La Monja on Ruta

Ruta de las Caras in Cuenca, Spain

One unheralded day in 1992, among the young pines on the southern banks of Spain’s Buendía reservoir, Madrileños Eulogio Reguillo and Jorge Maldonado hoisted chisels to sandstone to commence the sculpture shown above. La Monja, they called it; they started a second sculpture, and a third.

Twenty sculptures and bas-reliefs now grace the woodsy, 1.5 kilometer “route of the faces” in Cuenca’s scenic middle-of-nowhere between Madrid and the province’s eponymous capital city. Castilian internautas have gushed over las caras; English writers, far less.

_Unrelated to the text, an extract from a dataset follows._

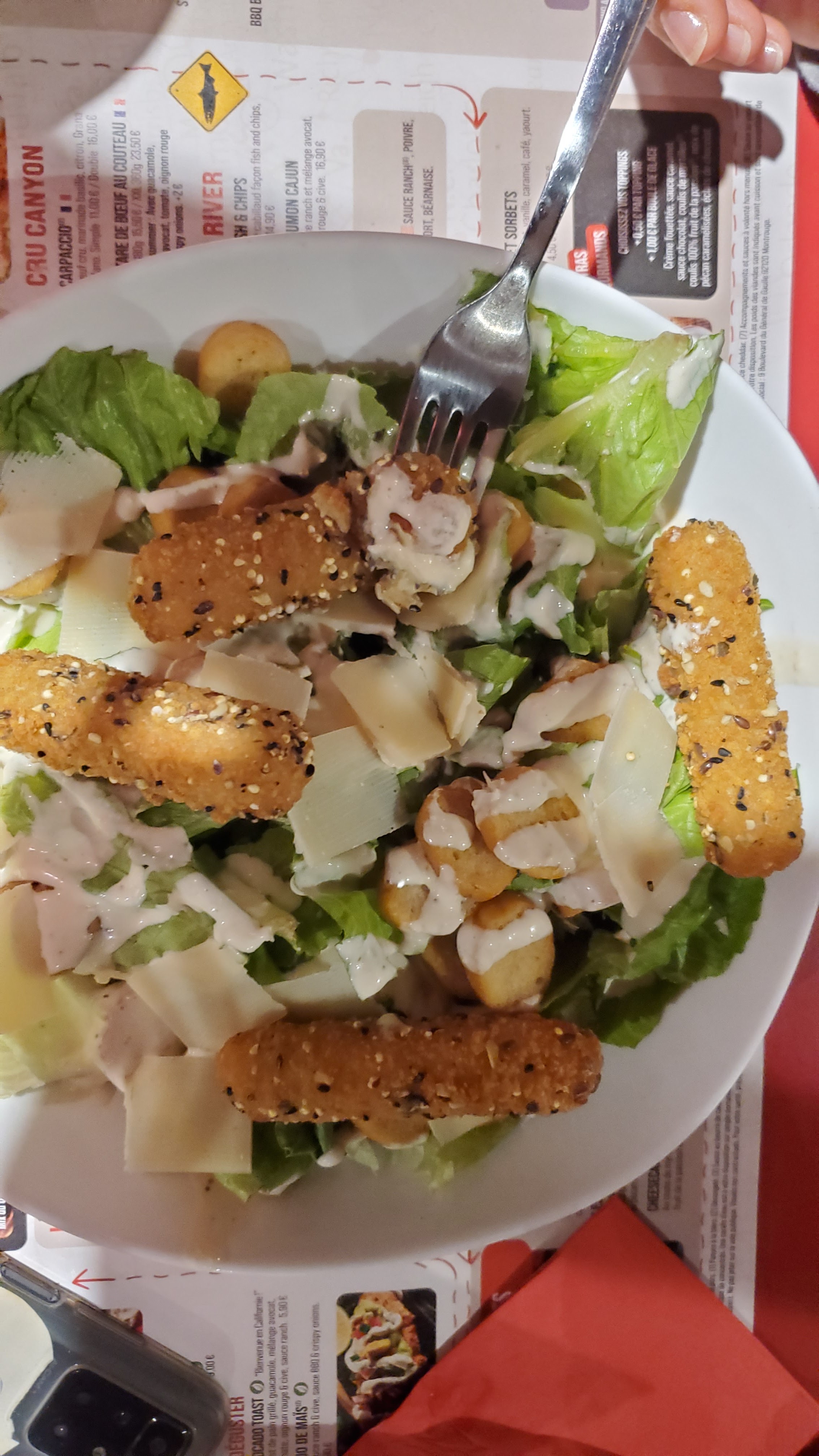Nous sommes venus manger à deux, ce midi. J'en garde un goût amer. Déjà, le ton est donné avec la salade d'accueil qui avait bien vécue et n'était plus de première fraîcheur. J'en conviens qu'elle est gratuite et qu'elle s'appelle salade de bienvenue, mais lorsque l'on veut souhaiter la bienvenue à ses clients, on leur sert quelque chose de convenable car ça peut laisser planer un doute sur la qualité et la fraîcheur des plats à venir... De plus, je souhaite manger un filet de poulet cajun, la serveuse prend la commande et revient me voir cinq minutes plus tard pour me dire qu'il n'y en a plus. Les équipes de salle ne font pas le point avec les cuisines, avant le début du service ? Par dépit, je choisis les fish and chips et quelle surprise de voir quatre minuscules morceaux de poisson pané, facturés tout de même 14,50 €. A ce tarif pour une si petite quantité, on se fiche un peu du client... Comme avec la salade d'accueil... Vous devriez songer à mettre du pigeon sur la prochaine carte... En plus, j'ai vu un serveur débarrasser la table d'un client, après son départ et là, stupéfaction !!! Le client n'a bu que du vin, donc n'a pas utilisé son verre à eau. Du coup, le serveur a pris le verre et l'a rangé avec la vaisselle propre !!! Honteux !!! Qui dit que le client n'a pas touché le verre même s'il n'a pas bu dedans ? Ce verre aurait dû partir en direction de la plonge. Avec l'expérience d'aujourd'hui, je ne suis pas certaine de remettre les pieds dans l'établissement qui ne m'a vraiment pas donné une bonne image, ni de gestion, ni d'hygiène...

You’re probably a potential sightseer, if you’ve read this far. I’ll cut to the chase: should you visit?

Sculptures of Maitreya and Arujuna on Ruta de las Caras in Spain
Sculptures of Maitreya and Arjuna on Ruta de las Caras in Spain

You betcha, if traveling by private vehicle on an unhurried itinerary east of Madrid. Especially with kids. The trails are gentle, easily navigated; the scenic reservoir is worth visiting in its own right. No lines, no crowds. Nature, art, serenity! OpenStreetMap knows how to get there, so does Google.

A regretful No, if pressed for time in Spain and without a personal vehicle, like the rental booked for this trip. The reservoir is capital R Remote, many kilometers from other sights that might attract a wave of a selfie stick. Buendía’s ayuntamiento reports fewer than five hundred inhabitants, and I didn’t spot any while traveling to or from las caras.